Thursday, August 31, 2006

Simple Things Can Be Hard to Learn

Providers of health care are under a lot of pressure to use computers to improve quality and reduce cost.

One popular application has been computerized physician order entry (CPOE). The idea is to have physicians enter their orders into computers rather than writing them out longhand. When an order is entered, information is displayed that potentially leads to better decisions by the physician.

Well, it doesn’t necessarily work. The Colorado Permanente Group in Denver reports that CPOE in that organization “did not improve physician compliance with laboratory monitoring alert recommendations.”

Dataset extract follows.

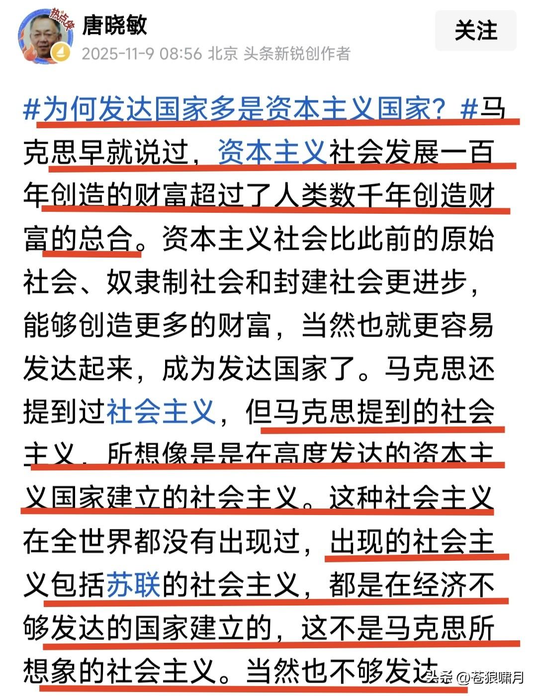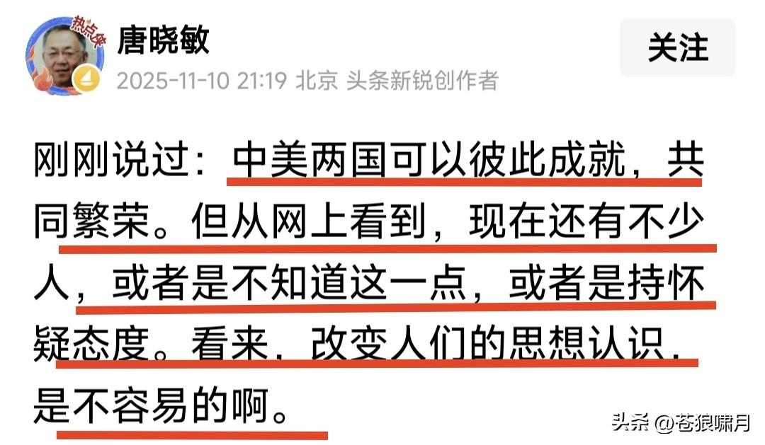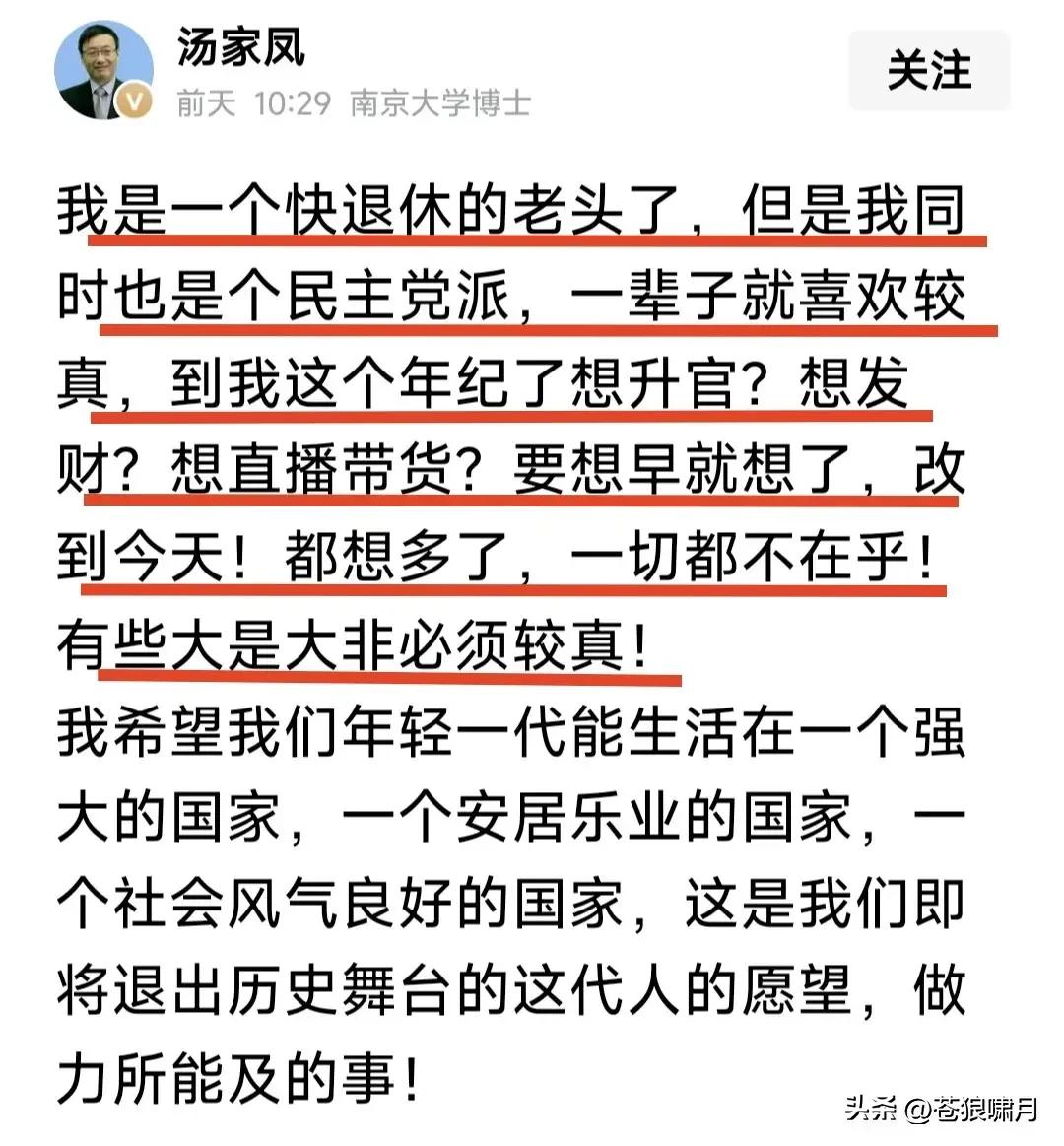 都是“非著名教授”,黄教授与唐教授及汤教授之间的差别,咋这么大呢? 苍狼列举三位“非著名教授”几个文案,请网友赏玩品读,能读出差别吗? 1.黄教授:中国移民都去哪了? 飞艇追打F-35,这是美国被痛打? 听说牢A要出书,粉丝要支持购买啊! 2.唐教授:中美可互相成就,共同繁荣。 苏联是中国威胁,解体中国受益最大。 资本主义发展一百年,创造财富超过人类千年创造总和。这是马克思说的。 3.汤教授:媒体为何不提美国斩杀线,三通一达,社会名人爱去的“那个岛”? 为何把公交车广告“贞洁”说成糟粕? 他不想当官,不想发财,不直播带货!只是对有些大是大非问题爱较真! 苍狼对三位“非著名教授”评几句: 1.黄教授正年轻,事情多没精力,坐不下来写长文,三言两语说事情,言简意赅道理明,一切尽在不言中! 2.唐教授:已退休有时间,闲时头条写着玩!读书破万卷,站位高深远,理性爱中华,为国提建议。有水平! 3.汤教授:临退未退,心情放松。真心爱国,关注热点,不惧权威敢批评!观念有点陈旧,不知教的何专业? 以上短评对不对?欢迎网友批评! …………

Commenting on that report, Susan Horn (The limits of technology, Modern Healthcare, August 7, 2006) described a project in which a group of nursing homes set out to reduce the incidence of pressure sores, enlisted the aid of information technology, and achieved a reduction of one third in a year’s time.

The difference between the two cases seems pretty obvious. The nursing homes had an improvement they wanted to make and used information technology to achieve it. The Permanente Group bought and implemented technology in the hope that it would produce improvement. The nursing homes succeeded. The Permanente Group failed.

Ms. Horn went on to point out that “…no technology…will cure our healthcare system of its ailments” and that technology is “….no panacea, but rather a tool for solving problems.”

In other words, the right approach is to figure out what problem you want to solve, develop a plan for solving it, and then use technology to support the plan.

Seems simple enough.

But the simple things in life sometimes seem the hardest to learn.